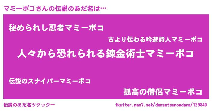 | ヒーロー風カッコイイあだ名 | 『正義の使者マミーポコ』『幻影騎士マミ』 |
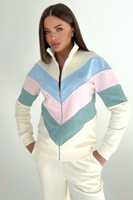 Стильный женский свитшот спортивного стиля покроя оверсайз. Пошит из комфортной всесезонной ткани (петельного футера 3-нитки высшего качества пенье). Свитшот свободного кроя со спущенной линией плеча и длинным рукавом. По центру переда короткая застежка-молния, переходящая в стойку. Низ свитшота дополнен кулисой и шнуром внутри для фиксации ширины изделия на уровне талии. Стойка, манжеты рукавов выполнены из ткани-компаньена кашкорсе. Слева на переде свитшота вышит логотип в цвет ткани.
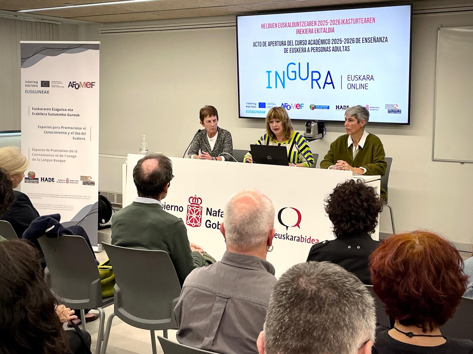 La vicepresidenta del Gobierno de Navarra y consejera de Memoria y Convivencia, Acción Exterior y Euskera, Ana Ollo, ha destacado el aumento de matriculaciones de personas adultas para aprender euskera en los últimos años en la sociedad navarra, durante el acto de apertura del curso académico 2025-2026 de euskaldunización de personas adultas de Navarra, que se ha celebrado este mediodía en Pamplona /Iruña. La vicepresidenta ha estado acompañada por Javier Arakama, director gerente de Euskarabidea-Instituto Navarro del Euskera, y Eskarne Lopetegi Zalakain, licenciada en filología vasca, jefa del área de Metodología y Contenidos de HABE (Instituto de Alfabetización y Reeuskaldunización de Adultos) y responsable de la plataforma de aprendizaje de euskera on line INGURA. Lopetegui ha impartido una conferencia para presentar la plataforma INGURA y explicar sus objetivos para este curso.
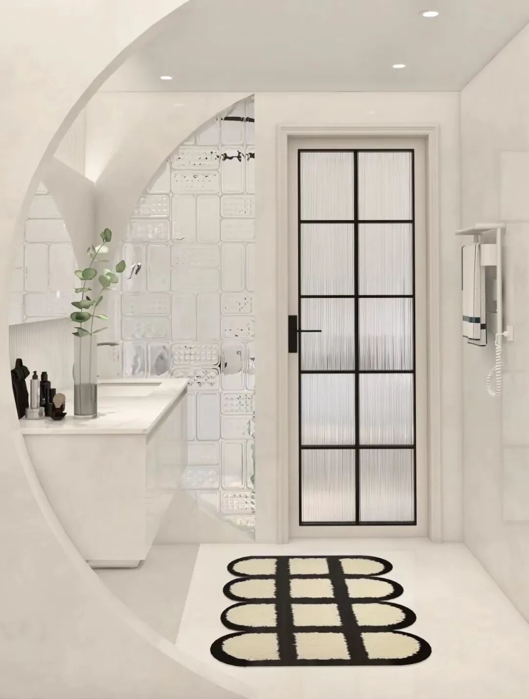 玻璃砖可以说是卫生间的救星了,玻璃砖防水,防潮,易清洗,兼顾隐私,用来做干湿分离的隔断显然是个不错的选择,可以很好地解决暗卫问题。

+++++

About this task: The material above should be printed again exactly, with each picture left out.

Solution:
 | ヒーロー風カッコイイあだ名 | 『正義の使者マミーポコ』『幻影騎士マミ』 |
 Стильный женский свитшот спортивного стиля покроя оверсайз. Пошит из комфортной всесезонной ткани (петельного футера 3-нитки высшего качества пенье). Свитшот свободного кроя со спущенной линией плеча и длинным рукавом. По центру переда короткая застежка-молния, переходящая в стойку. Низ свитшота дополнен кулисой и шнуром внутри для фиксации ширины изделия на уровне талии. Стойка, манжеты рукавов выполнены из ткани-компаньена кашкорсе. Слева на переде свитшота вышит логотип в цвет ткани.
 La vicepresidenta del Gobierno de Navarra y consejera de Memoria y Convivencia, Acción Exterior y Euskera, Ana Ollo, ha destacado el aumento de matriculaciones de personas adultas para aprender euskera en los últimos años en la sociedad navarra, durante el acto de apertura del curso académico 2025-2026 de euskaldunización de personas adultas de Navarra, que se ha celebrado este mediodía en Pamplona /Iruña. La vicepresidenta ha estado acompañada por Javier Arakama, director gerente de Euskarabidea-Instituto Navarro del Euskera, y Eskarne Lopetegi Zalakain, licenciada en filología vasca, jefa del área de Metodología y Contenidos de HABE (Instituto de Alfabetización y Reeuskaldunización de Adultos) y responsable de la plataforma de aprendizaje de euskera on line INGURA. Lopetegui ha impartido una conferencia para presentar la plataforma INGURA y explicar sus objetivos para este curso.
 玻璃砖可以说是卫生间的救星了,玻璃砖防水,防潮,易清洗,兼顾隐私,用来做干湿分离的隔断显然是个不错的选择,可以很好地解决暗卫问题。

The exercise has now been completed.